Page 27 of Better as It

She gives me the all-knowing look, the one her mother is a master at giving all of us as kids. “I know you find peace in solitude but this is huge. You sure?”

I hesitate. Then nod. “Yeah. I just... I need to think.”

She hugs me—tight, grounding me—and whispers, “You’re not alone in this.”

Logically, I know this. But emotionally, I don’t know how to do this. Maritza knowing me well, leaves with a gentle hug.

I pace the condo for almost an hour, talking to my dog like she’s going to fix everything. “How did this happen?” I ask Skye. She tilts her head.

“You know how,” I answer myself bitterly. “But still. I was careful. Mostly.”

The word echoes. Mostly.

It could be Benji’s. My cycle has been off since losing him. Or because I wanted to be a whore in the midst of my grief, it could be Justin's.

The thought makes me sit on the floor, arms around my knees, back pressed against the cabinet beneath the sink. I don’t cry. Not yet. I think I’m too scared to cry.

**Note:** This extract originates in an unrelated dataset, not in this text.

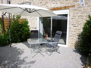 Aan de bosrand gelegen sfeervol, authentiek franse platelandswoning met afgesloten privé tuin. Kleine keuken met koelkast, vaatwasser, en magnetron. Woonkamer met tuingerichte...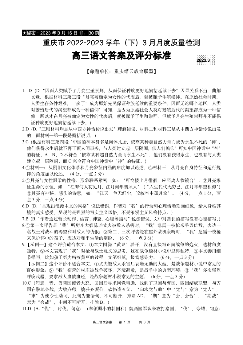 高三语文答案--重庆缙云教育联盟2023届高三3月质检

Instead, I grab my phone and text Toon.

Can you come get me?

The reply is fast.

Where to?

I can’t talk. I just... need to feel.

Another pause.Be outside in 10.

The wind slaps against my skin like a baptism. Like always Justin doesn’t ask questions. He simply passes me the helmet, waits while I climb on the back of his bike, then revs the engine and pulls away.

I press my forehead to his back, gripping his cut tight between my fingers like it’s the only thing tethering me to earth.

We ride.

Through town. Out past the city limits. Down roads flanked by fields and nothing at all.

The engine roars. The world blurs. And for a little while, I’m not pregnant. I’m not broken. I’m not anyone except the girl holding on to someone who makes it easier to breathe.

After about an hour, he slows and pulls into the gravel lot of a small roadside diner lit by neon and desperation.

He kills the engine. Turns to look at me.

“You hungry?”

I nod. “Starving.”

Inside, it smells like fries and old vinyl booths and something that reminds me of my childhood—maybe grease or grits or comfort.

We order burgers and sweet tea. I pick at the straw wrapper with shaky fingers.

Justin watches me without watching me, that way he always does—quiet, protective, never pushing.

“You ever just feel like the world hit you sideways?” I ask, voice low.

He huffs a quiet laugh. “Once or twice.”

The waitress sets down our plates, and we eat in a silence that’s not heavy, just present.